我目前正在设法在最多15个给定点中找到矩形/多边形(下图)。
我的目标是要在该点阵列中找到多边形,就像我在下图中标记的那样。多边形在现实世界中是矩形,但它们有些扭曲,这就是它们看起来像多边形或其他形状的原因。我必须找到最好的矩形/多边形。
我的想法是检查点之间的所有连接,但是总的来说要花很多时间。
有人知道如何解决这个问题吗?我在网上进行了研究,发现sklearn中的k-Nearest算法适用于python,但是如果这是解决问题的正确方法以及如何解决这一问题,我没有经验去做。也许我还需要一种方法来过滤掉一些离群值,以使算法更容易找到多边形的右角点。
下面的代码片段将给定的点字符串分成单独的数组,数组坐标仅包含点的x和y值。
非常感谢您的帮助。
import math
import numpy as np
import matplotlib.pyplot as plt
import time
from sklearn.neighbors import NearestNeighbors
millis = round(int(time.time())) / 1000
####input String
print("2D to 3D convert")
resultString = "0,487.50,399.46,176.84,99.99;1,485.93,423.43,-4.01,95.43;2,380.53,433.28,1.52,94.90;3,454.47,397.68,177.07,90.63;4,490.20,404.10,-6.17,89.90;5,623.56,430.52,-176.09,89.00;6,394.66,385.44,90.22,87.74;7,625.61,416.77,-177.95,87.02;8,597.21,591.66,-91.04,86.49;9,374.03,540.89,-11.20,85.77;10,600.51,552.91,178.29,85.52;11,605.29,530.78,-179.89,85.34;12,583.73,653.92,-82.39,84.42;13,483.56,449.58,-91.12,83.37;14,379.01,451.62,-6.21,81.51"
resultString = resultString.split(";")
resultStringSplitted = list()
coordinatesOnly = list()
for i in range(len(resultString)):
resultStringSplitted .append(resultString[i].split(","))
newList = ((float(resultString[i].split(",")[1]),float(resultString[i].split(",")[2])))
coordinatesOnly.append(newList)
for j in range(len(resultStringSplitted[i])):
resultStringSplitted[i][j] = float(resultStringSplitted[i][j])
#Check if score is valid
validScoreList = list()
for i in range(len(resultStringSplitted)):
if resultStringSplitted[i][len(resultStringSplitted[i])-1] != 0:
validScoreList.append(resultStringSplitted[i])

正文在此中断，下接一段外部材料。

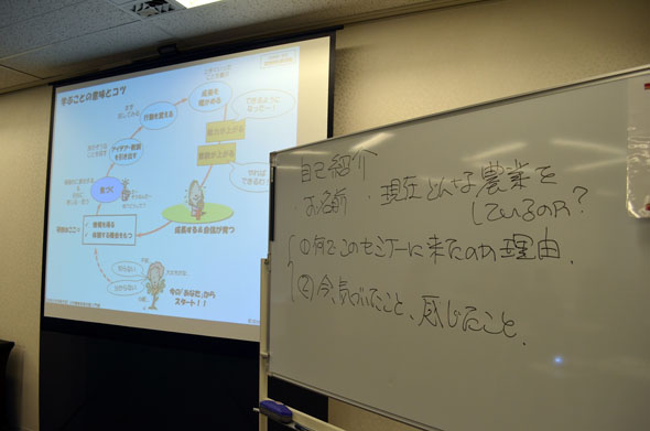講義のあとは、グループに分かれて自己紹介。そして自農園・自社の事業モデル作成実習です。

resultStringSplitted = validScoreList
#Result String array contains all 2D results
# [Point Number, X Coordinate, Y Coordinate, Angle, Point Score]
for i in range(len(resultStringSplitted)):
plt.scatter(resultStringSplitted[i][1],resultStringSplitted[i][2])
plt.show(block=True)
答案 0 :(得分:0)
由于您提到最多可以有15个点,因此我建议检查4个点的所有可能组合,并保留所有与理想矩形足够接近的矩形。对于15点,它是“仅” 15*14*13*12=32760个可能的矩形。
import math
import itertools
import numpy as np
coordinatesOnly = ((0,0),(0,1),(1,0),(1,1),(2,0),(2,1),(1,3)) # Test data
rectangles = []
# Returns True if l0 and l1 are within 10% deviation
def isValid(l0, l1):
if l0 == 0 or l1 == 0:
return False
return abs(max(l0,l1)/min(l0,l1) - 1) < 0.1
for p in itertools.combinations(np.array(coordinatesOnly),4):
for r in itertools.permutations(p,4):
l01 = np.linalg.norm(r[1]-r[0]) # Side
l12 = np.linalg.norm(r[2]-r[1]) # Side
l23 = np.linalg.norm(r[3]-r[2]) # Side
l30 = np.linalg.norm(r[0]-r[3]) # Side
l02 = np.linalg.norm(r[2]-r[0]) # Diagonal
l13 = np.linalg.norm(r[2]-r[0]) # Diagonal
areSidesEqual = isValid(l01,l23) and isValid(l12,l30)
isDiag1Valid = isValid(math.sqrt(l01*l01+l30*l30),l13) # Pythagore
isDiag2Valid = isValid(math.sqrt(l01*l01+l12*l12),l02) # Pythagore
if areSidesEqual and isDiag1Valid and isDiag2Valid:
rectangles.append(r)
break
print(rectangles)
在计算机上以15个点运行需要大约1秒钟。这实际上取决于您对计算时间的要求,即实时,交互时间,即“我只是不想花几天时间等待答案”。